The Ultimate (Animated) Spider-Man
According to CartoonBrew, the animators weren’t capturing the emotion they convey, and it looked “too smooth” to be realistic. To offset the issue, the trio chose to animate in 2s. For the laymen, most animation occurs in 1s, 2s, or 3s. 1s means you animate one unique image per frame. Rather than animate “Spider-Verse” like a Disney or Pixar film (which traditionally animates in 1s), they shot the majority of the film in 2s. This means they shot 12 unique frames per second instead of the traditional 24 frames per second. By doubling each image to simulate motion they achieve the slightly choppier look they desired.
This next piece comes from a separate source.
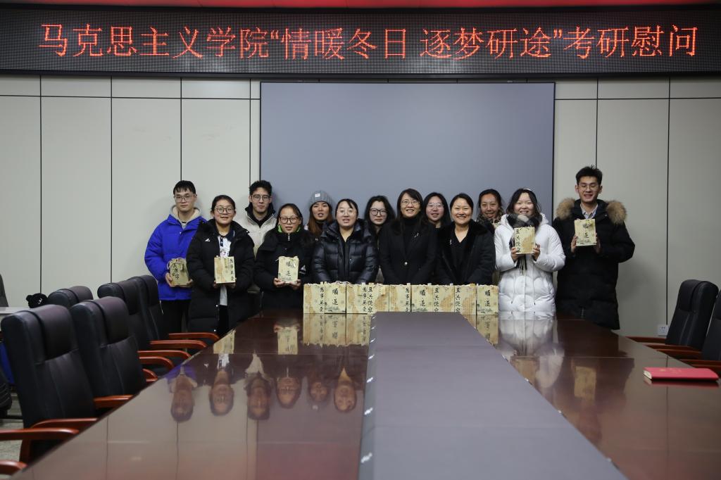 长风破浪会有时,直挂云帆济沧海。为激发学院考研学子的学习热情,帮助同学们坚定考研信心、缓解备考压力,以更加积极的心态迎接考试。12月18日,马克思主义学院开展“情暖冬日 逐梦研途”考研慰问活动,学院党委书记张影、党委副书记李宁、辅导员宋烨为同学们送上真切的祝愿。

The animators would then animate in 1s for more action-heavy scenes, and 3s to create a slow-motion effect (think anime fights where character’s pause after throwing a punch), “Spider-Verse” utilizes the strongest possible animation technique for each sequence, rather than forcing the film into an animation bubble. Afterward, the team then went back and looked at the comics, realizing that line work and subtle pencil marks could help sell emotion for characters. The team literally drew lines over the existing CG, and instantly characters gained emotion. Eventually, hatching techniques added gradient and shading. These tones throughout the film, make “Spider-Verse” a living comic unlike any film before it.
Your Friendly Neighborhood Spider-People
In the end, “Spider-Verse” is a blend of both storytelling and craftsmanship. Building a meta-commentary on what it means to be Spider-Man through the story of the first Black and Latino Spidey matters. Willingly confronting the CGI heavy animation style and mixing up the formula could make it the first Animated Feature winner of its kind since 2005. The mixture and power of combining these elements make “Spider-Verse” a unique commentary on what is possible in the genre. Frankly, it should be on the table in sound mixing, editing, screenplay, and production design at Oscar.
Regardless, the best Spider-Man film of all-time came out in 2018. “Spider-Verse’s” ability to openly comment on the days of Spider-Man past makes it good. The willingness to innovate in animation makes it great. The storytelling and heart make it one of the very best of the year. As Miles says, at the end of the film, anyone can be Spider-Man. With that, cinema’s most popular character since the year 2000 has reinvented itself for the next generation on screen.